Some key foods to pick up in these aisles are pantry essentials like beans,pastas, oatmeal, rice, and healthy cereals. Try to limit your packaged goods to single-ingredient or very limited ingredient items to ensure the healthiest choices. Items like quality jarred tomato sauce, nuts, peanut butter, or dried fruits can make a healthy meal or a snack come together quickly.
In general, you’ll want to avoid the cookie and snack aisles as well as the sports drink and soda aisles as it is nearly impossible to find good options there. If you need some easy, go-to packaged snacks, then try to stick with options like nuts or air-popped popcorn.
The refrigerated area of your grocery store is where you should pick up any dairy products you consume as well as eggs or any vegetarian options you like. Stick with whole-milk yogurts and steer clear of brands that promise low or no fat. Your body gets the most probiotic and nutritional benefit from real yogurt.
Whatever your milk or cheese preference, simply avoid processed options with added sugars or stabilizers. Buying cheese in a block avoids the starches used to keep pre-shredded cheese from clumping.
To keep it simple, don’t be afraid of any full fat-dairy. You’re much better off eating a moderate portion of full-fat cheese or yogurt than consuming the gums, stabilizers, and starches used to make low or no-fat options that have the right texture.
Your frozen food section is a great place to stock up on the fruits and vegetables that are out of season or just to simplify weeknight dinners.
Depending on where you live, frozen produce can sometimes be even better than the fresh options as the fruits and vegetables are picked in season and flash-frozen. Berries, mangoes, cherries, peas, spinach, broccoli, and carrots are all examples of fruits and vegetables that freeze well and taste great.
If convenience is extremely important to you or you simply don’t cook, then the frozen aisles are your best bet for finding healthy, ready-made foods. Because frozen foods use the cold temperatures to preserve freshness, you’re much more likely to find delicious and healthful options that do not contain preservatives and additives.
Try finding a brand of frozen entrees that makes real food with real ingredients and, just like in all the other parts of store, avoid the low or no fat promises as that can be a red flag for unwanted food additives.
If you’re lucky enough to have a butcher counter in your grocery store, then the task is simple: choose what looks fresh, fits your budget, and provides the nutrition you’re looking for.

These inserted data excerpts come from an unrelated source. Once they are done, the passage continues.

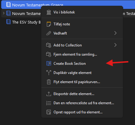 - Vælg “Tilføj bogsektion” (“Create Book Section” på Engelsk)
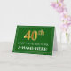 Elegant Faux Gold Look 40th Birthday, Name (Green) Card
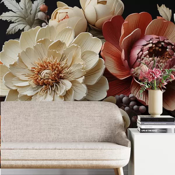 Fototapetak Nagy virágok,pünkösdi rózsák,sötét háttér,fényes virágok Nr. w01662
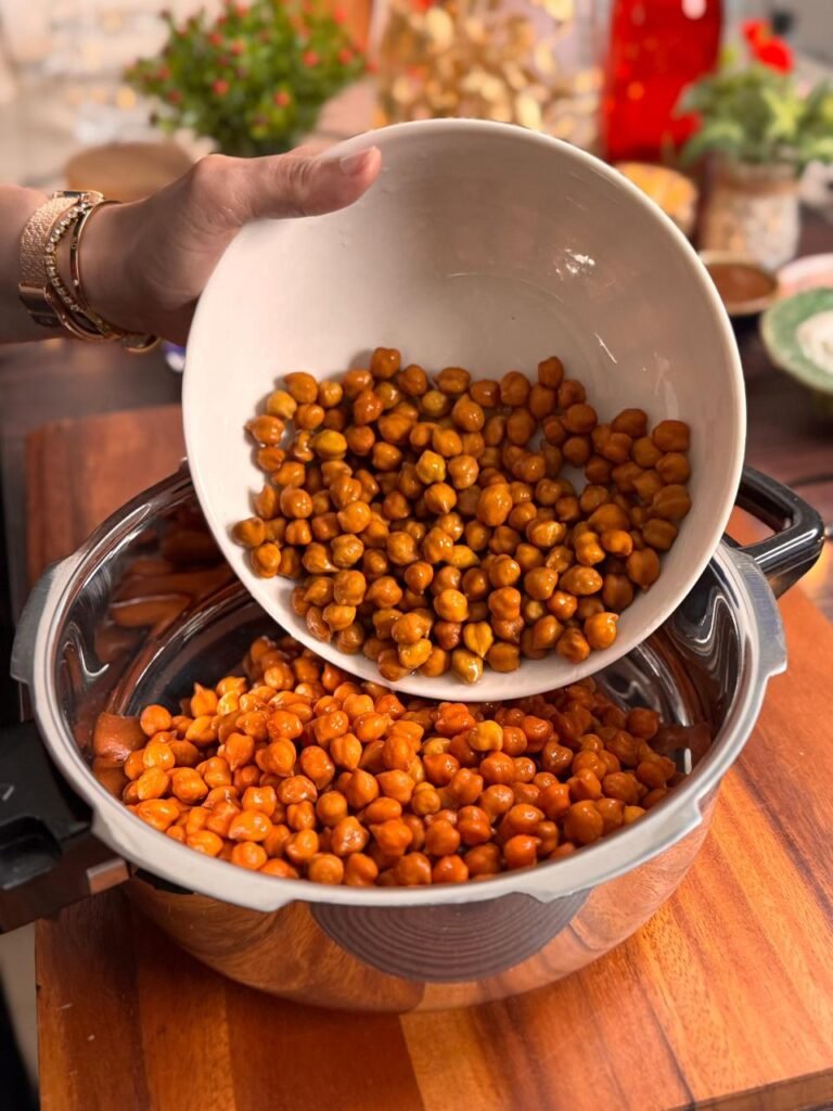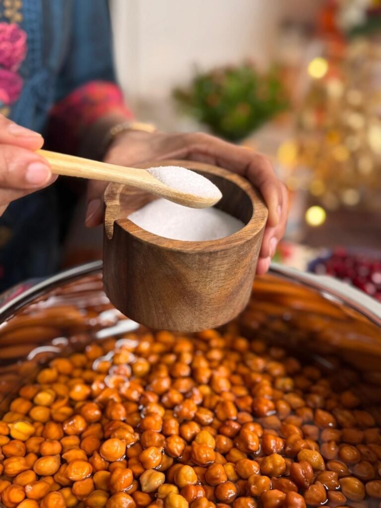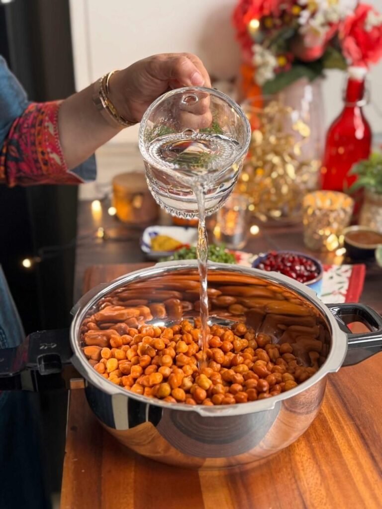 - Add some salt and enough water, then pressure cook until they are tender but still have a bit of a bite. Overcook mat karna, we don’t want mushy chana!
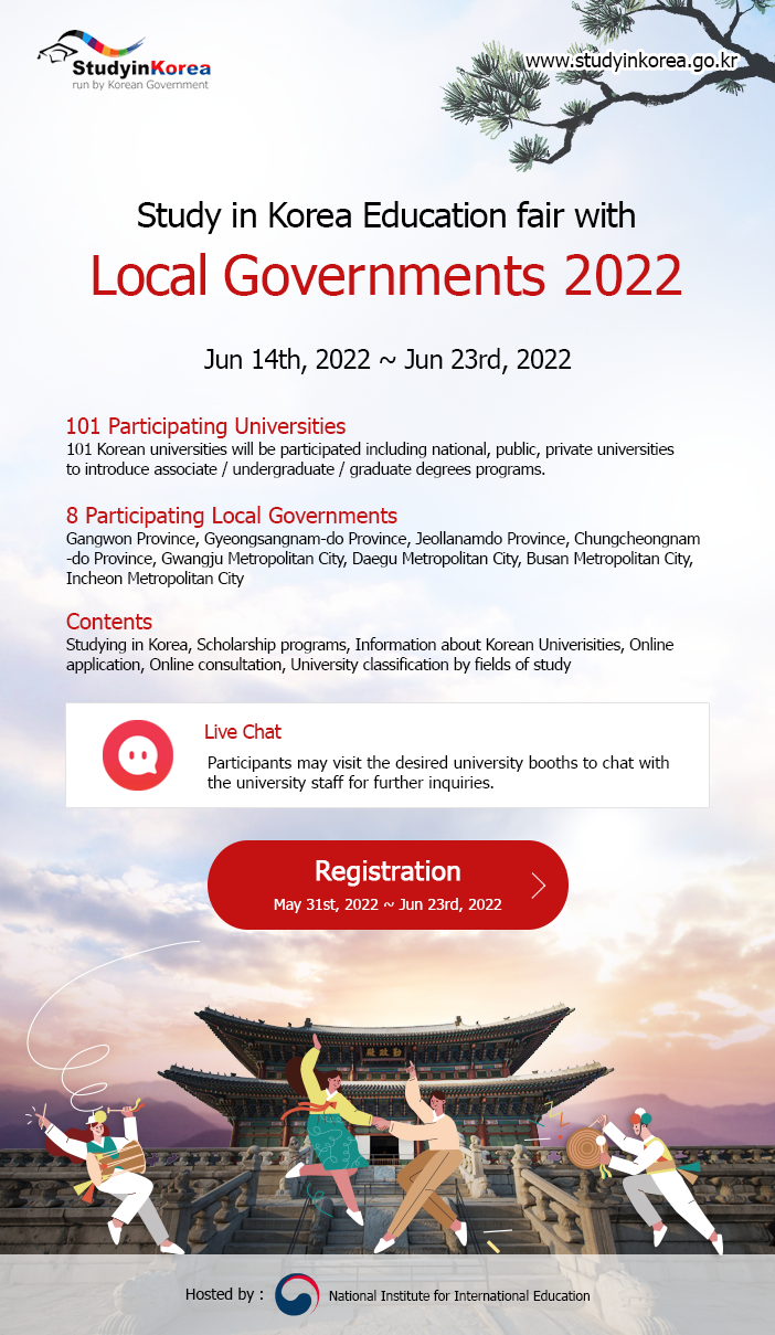 - [국립국제교육원] 2022 지자체와 함께하는 한국유학박람회 (www.studyinkorea.go.kr) 안내
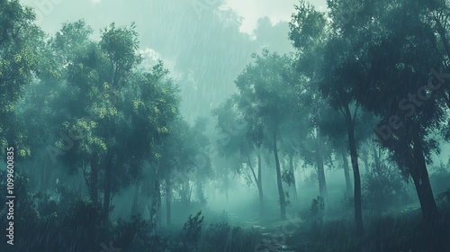 © irawan, Obraz premium Rain Falling on a Misty Forest Path
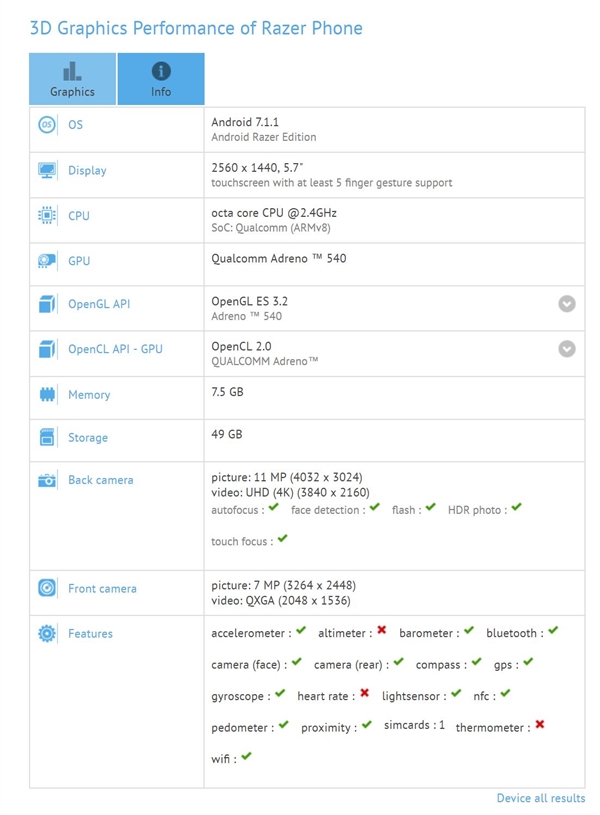 Construcţia e realizată dintr-o singură bucată de metal, deci Razer nu aderă la clasicul "sandwich de sticlă". Judecând după ultimele scăpări în benchmark-uri, ar trebui să vedem la bord 64 GB stocare, un procesor Snapdragon 835, Android 7.1 ca OS şi o rezoluţie Quad HD. Să nu vă mire dacă acest produs vine cu jocuri la pachet, eventual cu un gamepad sau o pereche de căşti profi.
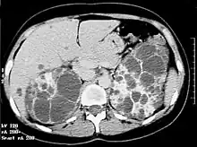 Le scanner n'est pas nécessaire en première intention, même s'il visualise parfaitement les kystes, qu'ils soient rénaux ou hépatiques. l'IRM permet de quantifier le volume rénal, ce dernier étant corrélé avec le risque évolutif[16].
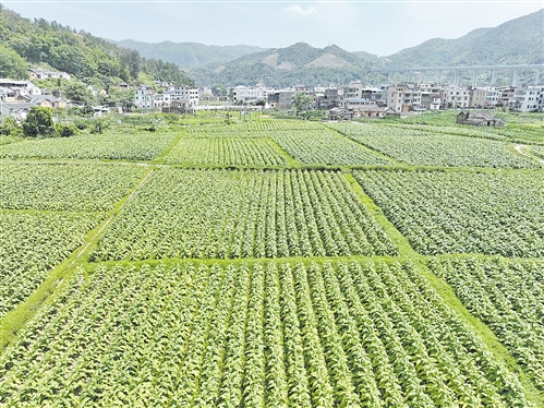 得益於精細化管理,高陂鎮煙田連片的煙葉枝繁葉茂,長勢喜人。(高陂鎮政府供圖)

Sticking with lean meats like chicken, turkey, and some cuts of beef and pork help ensure you you get enough protein and nutrients.
When choosing from packaged meats, always look for the fewest ingredients possible. Stay away from deli meats and sausages that contain nitrates and preservatives. Remember, just like with fresh produce, only purchase what you can consume or freeze before your next grocery trip to avoid waste.
If you live near the coast, then you’ll want to take advantage of the seafood section. Fish and other seafoods are packed with nutrients including Omega 3s. The downside of buying seafood is that it’s usually fairly expensive. So go for the healthiest foods such as oysters, clams, salmon, and rainbow trout.
Oysters in particular are great for men because they contain high amounts of Zinc, a key mineral that helps with testosterone production.
The Bottom Line
Choosing the right grocery store is the first step in having a successful diet. Then you just need to avoid the gimmicky food choices and shop for natural, healthy food options.